# First Competitive Triathlon



## Flying_Monkey (31 Jul 2011)

I've just been trying and failing to sleep after getting back from my first competitive triathlon (at the age of 39). Having been taught to swim properly for the first time ever this year for a charity tri a couple of months back, I thought I would have a go and plunged straight in at the deep end with the long course at my local K-Town Tri. It might only be a local event but apparently it's rated in the top 3 triathlons in North America on Slowtwitch tri website so it does attract some serious competitors. 

The K-Town Tri is slightly unusual because the distances were set before the modern Sprint, Olympic and Ironman standards and they've stayed as they were. So the long course is a 2km swim in Lake Ontario, a 56km ride (basically from Kingston to Gananoque and back) and a 15km run. So it's in between Olympic and Half-Ironman, and in fact the swim is longer than Half-Ironman. Clearly this would not be the normal choice for a new swimmer, but no-one ever accused me of being normal. 

And actually, the swim was fine. The start was a bit dicey - it's a mass start in the harbour, so for a while it's arms and legs everywhere until some kind of order is established. The weather was warm today (25 degrees), but the water was still cold enough for wet suits to be permitted and ost people (including me, for the first time) were using them. I was hoping for 45-50 minutes, and I got 50 and in fact I would have got nearer 45 if I had actually been able to swim in a straight line on the return leg, but I couldn't see where I was and felt rather disoriented. 

After being hauled out of the water, the first transition seemed smooth enough. As I was aiming just to finish rather than for a serious time, I was methodical rather than quick, but once on the bike, things got rapidly better. Obviously the bike leg is my thing and even though I was keeping it steady and controlled, I seemed to pass lots of people and got passed by no-one. By the time of the turn for home, I had probably made up more than enough time for my weak swimming, and because the return leg was into the wind, I passed even more people who were in difficultly because they didn't have as much experience cycling in windy conditions. 

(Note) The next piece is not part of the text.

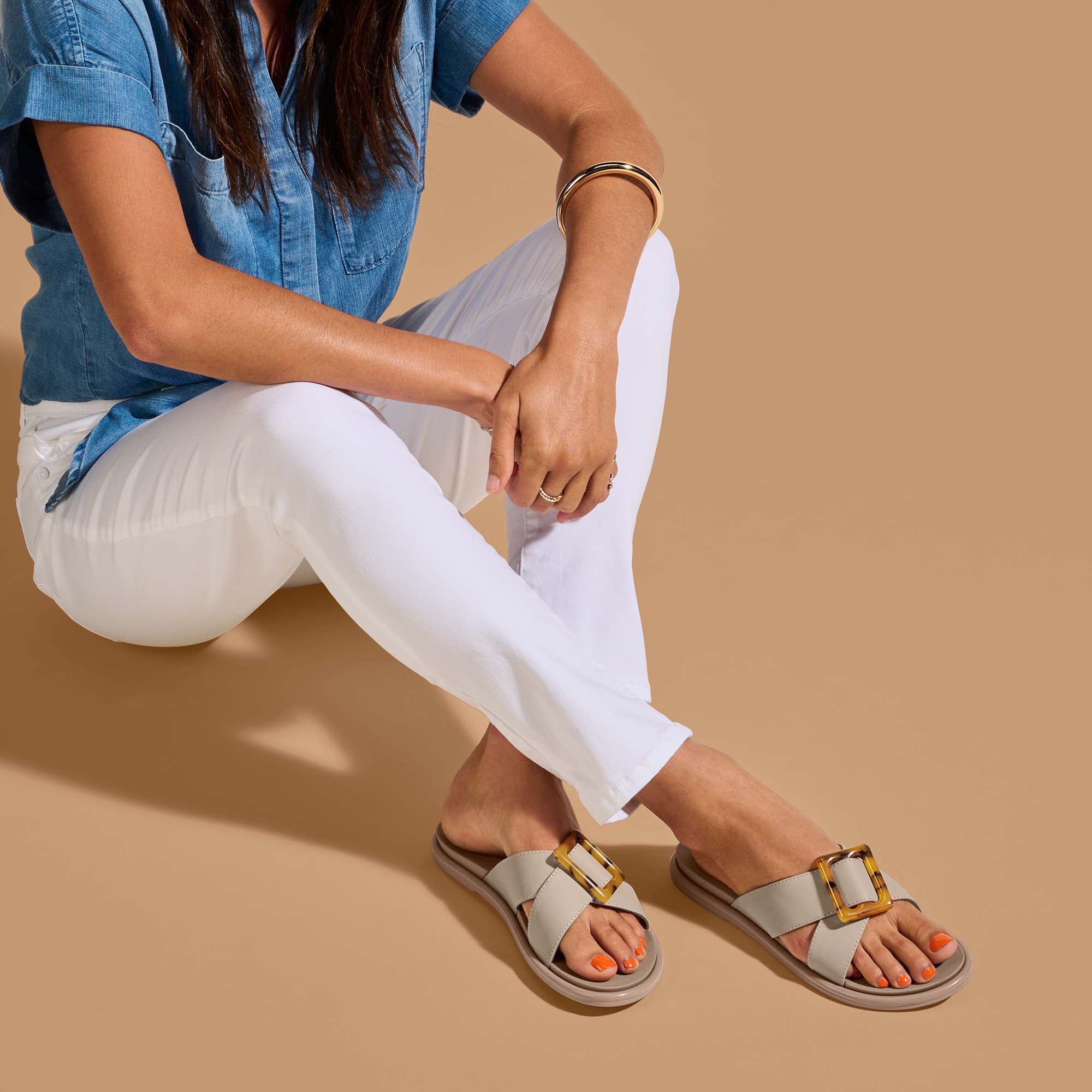 Tortoise Shell Buckle: Introducing our first sandal with an embellishment. the La’i Slide features a chic tortoise shell buckle.

I am not sure what the time was when I got in, but the last stage was when my optimism about how things might turn out was turned on its head. I'd done quite a few bricks (bike to run sessions) in training, but clearly not enough, and in any case the combined effect of swimming then cycling before the run adds an extra layer of pain. And pain it was, shooting up the insides and fronts of my thighs, combined with a very unpleasant bout of trapped wind probably caused by energy gels. 2km into the run, I had taken 15 minutes, stopping frequently trying to massage my thighs, stretching, and discreetly )or perhaps not so discreetly!) farting. I was considering just jacking it in, but no, that's not me at all. So I tried to run at as slow a pace as I could manage and gradually the pain disappeared and my stomach calmed down and I even started to enjoy it again. By now it was getting towards midday and hot so getting a bit faster was a good thing, and towards the end I managed to overtake several of the people who had gone past me when I was suffering and I even managed a sort of sprint to the line. 

In the end my time was almost dead on 4 hours but I haven't seen the official time or the splits yet. My realistic goal had been 3.45 and I had had aspirations to better, but it was a lot harder than I had anticipated. Still, I finished, and now doing a Half-Ironman in just over a year's time does not seem so out of reach.


----------



## montage (31 Jul 2011)

I enjoyed that write up, the wind thing sounds nasty.....not tried those energy gels before or just a bit of bad luck?
Glad to know it's going well anyhow


----------



## Flying_Monkey (1 Aug 2011)

Well, I got the split times (including transitions) - my swim was slow (but I planned for that) at 50 minutes, my ride was just over what I planned at 1 hour 42, but the run time was dreadful at almost 1 hour 30 - I had been hoping for 1 hour 10. I did have about 15 minutes of almost complete standstill during it, but it made the difference between what would have been a reasonable time and just getting round. Since it is my first year swimming I know I can improve my swim time quite a lot over the next year, and I guess I just have to do more bricks and intervals so that my legs aren't so shocked from the transition between the bike and run sections. And even though I'm already among the stronger cyclists, I could be much faster on the bike section too, but I would only risk that if I had more confidence in being able to run afterwards... the training starts now!


----------



## VamP (18 Aug 2011)

Enjoyed that write up.

I am about to take my plunge into the world of duathlons (can't swim!) at the ripe age of 43, so I am feeling your pain.

I don't reckon your time is at all bad, especially given the problems you had. Well done!

Right, 10 weeks to get some bricks in!


----------



## mr Mag00 (18 Aug 2011)

well done i stated last year too at the same age. i only competed sprint to sart but planning the leap to olympic next year. a nice write up too. well done and good luck!


----------